「こころの家庭教師」の活動をしていて、長年部屋に閉じこもってい
る方と一緒に部屋や家の外に出るということは、ひとつのステップと
して重要だと感じさせられます。...
長い期間ひきこもっていると、どうしてもその環境に「慣れて」しま
います。その環境の中の生活に合わせて、生活習慣や家族との付き合
いも変化してきます。
それほど対人面でのコミュニケーションに問題をもっていない方でも
対人的な恐怖感や人の集まる場所にでることへの不安感が、いつのま
にか高まってきてしまいます。「どうにかしたい」とはおもうけれど
も、「怖さ」や「不安」が頭の中を満たし、「動かない」選択をして
しまうのです。
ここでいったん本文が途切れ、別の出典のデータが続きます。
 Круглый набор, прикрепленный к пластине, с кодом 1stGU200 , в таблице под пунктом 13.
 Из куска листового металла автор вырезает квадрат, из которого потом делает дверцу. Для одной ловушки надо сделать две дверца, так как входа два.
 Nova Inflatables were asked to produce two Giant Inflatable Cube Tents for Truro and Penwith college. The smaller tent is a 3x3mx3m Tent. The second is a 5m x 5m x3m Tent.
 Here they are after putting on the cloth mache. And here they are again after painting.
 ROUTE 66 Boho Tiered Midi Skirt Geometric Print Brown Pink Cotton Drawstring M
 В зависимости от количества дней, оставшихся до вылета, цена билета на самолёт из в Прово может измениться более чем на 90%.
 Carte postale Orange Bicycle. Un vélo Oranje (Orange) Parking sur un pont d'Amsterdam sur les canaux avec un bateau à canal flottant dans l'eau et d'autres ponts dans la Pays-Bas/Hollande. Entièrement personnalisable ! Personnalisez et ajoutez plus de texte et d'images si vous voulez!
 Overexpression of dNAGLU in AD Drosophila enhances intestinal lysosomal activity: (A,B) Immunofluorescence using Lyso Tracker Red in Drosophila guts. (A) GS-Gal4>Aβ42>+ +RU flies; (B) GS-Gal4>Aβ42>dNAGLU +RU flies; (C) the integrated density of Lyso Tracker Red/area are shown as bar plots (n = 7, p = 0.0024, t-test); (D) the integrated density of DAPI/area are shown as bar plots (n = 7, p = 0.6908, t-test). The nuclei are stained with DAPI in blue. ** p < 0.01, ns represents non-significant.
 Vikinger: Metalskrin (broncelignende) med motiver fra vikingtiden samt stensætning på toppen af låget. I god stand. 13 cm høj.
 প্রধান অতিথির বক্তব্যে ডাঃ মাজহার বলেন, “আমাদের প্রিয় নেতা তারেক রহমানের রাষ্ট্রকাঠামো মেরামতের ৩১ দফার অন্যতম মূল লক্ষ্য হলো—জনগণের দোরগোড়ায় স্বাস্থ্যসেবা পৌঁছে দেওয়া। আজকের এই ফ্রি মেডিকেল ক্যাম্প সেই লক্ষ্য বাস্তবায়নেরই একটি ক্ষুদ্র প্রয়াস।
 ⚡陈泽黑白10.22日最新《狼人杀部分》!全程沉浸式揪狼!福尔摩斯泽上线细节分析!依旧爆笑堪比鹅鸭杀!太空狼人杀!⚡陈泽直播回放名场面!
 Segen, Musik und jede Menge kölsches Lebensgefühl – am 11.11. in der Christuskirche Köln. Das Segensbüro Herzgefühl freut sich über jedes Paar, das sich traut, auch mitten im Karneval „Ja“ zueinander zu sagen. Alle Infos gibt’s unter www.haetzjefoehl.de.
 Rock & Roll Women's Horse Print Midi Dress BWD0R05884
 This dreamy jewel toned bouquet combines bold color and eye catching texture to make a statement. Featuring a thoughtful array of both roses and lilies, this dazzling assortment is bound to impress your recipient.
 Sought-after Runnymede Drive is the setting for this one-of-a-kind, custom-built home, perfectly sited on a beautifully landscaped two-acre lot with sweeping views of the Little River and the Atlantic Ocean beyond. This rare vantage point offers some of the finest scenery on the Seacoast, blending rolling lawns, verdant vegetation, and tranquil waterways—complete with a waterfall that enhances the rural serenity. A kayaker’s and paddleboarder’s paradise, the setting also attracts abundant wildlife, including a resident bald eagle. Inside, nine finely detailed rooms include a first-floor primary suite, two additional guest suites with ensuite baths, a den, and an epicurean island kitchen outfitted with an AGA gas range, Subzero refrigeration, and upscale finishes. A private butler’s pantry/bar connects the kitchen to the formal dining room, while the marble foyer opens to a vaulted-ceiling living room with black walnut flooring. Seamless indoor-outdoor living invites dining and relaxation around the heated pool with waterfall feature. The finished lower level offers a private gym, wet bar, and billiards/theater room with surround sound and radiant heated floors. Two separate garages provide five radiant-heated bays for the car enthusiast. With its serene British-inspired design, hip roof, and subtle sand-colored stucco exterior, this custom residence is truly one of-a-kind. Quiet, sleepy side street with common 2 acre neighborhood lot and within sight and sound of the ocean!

「怖さ」や「不安」ばかりに考えが集中してしまうた
め、その評価を自分の中で大きく大きくしてしまい、そこから逃れよ
うと行動してしまうのだと思います。
「どうにかしたい」という気持ちがあるかたであれば、まずは「不安」
や「恐怖」ばかりに注目してしまうのではなく、他の「今できること」
に意識を向けて見てはどうかと話をしてみます。そして、「不安」や
「恐怖」を無くすことに力を注ぐのではなく、それを「出て当然」と
受け止め、「やってみる」ことを提案します。
この場合であれば、「外に出てみる」ということです。「不安」や「
恐怖」が出ている中でも、そればかりに注目せず、できること、扉を
あけ、身支度を整え、玄関から出てみること、を実行してみるのです。
彼ら自身に「興味のあるところ、行きたいなぁ、とは思っていたけど
行けてないところ」などを聴いてみます。「ファミレス」や「昔遊ん
だ公園」といった言葉が彼らから出てきたとき、では一緒に出かけて
みないかな、と提案します。もちろん、彼らにとっては今までにない
行動ですから、不安や恐怖が湧きあがってきます。
ここで、このような気持ちがわきあがってきたから、「出来ない」と
なるのではなく、このような気持ちが出てきている中でも、行動して
みないか、と提案するわけです。その根拠としては、「なんとかした
い」という自分の気持ちを再確認して、そこに近づく可能性のある行
動だからこそだと。新たな結果を得るためには、新たな行動が必要だ
と。現場では、あまり理屈っぽく言うわけではなく、行きたい、と表
明してくれたところに、こちらも行くことを楽しみにして、朝からピ
クニック気分で迎えに行く、ということです。
すると、このような場面では、部屋や家の中で面談しているときとは
異なった彼らの面が見えてくる場合があります。実は多弁であったり
人と接することが上手であったり、電車や車での移動そのものを楽し
んだりする方も見受けられます。「行動」の結果、以前出来ていたこ
とを思い出したり、自分の過大な恐怖や不安に対する「評価」を現実
的なものに修正することができるのだと思います。
「行きたい」と少しでも思える場所に、一緒になって楽しんで「行く」
ということは私たちの活動の中でも、大切なものの一つだと感じていま
す。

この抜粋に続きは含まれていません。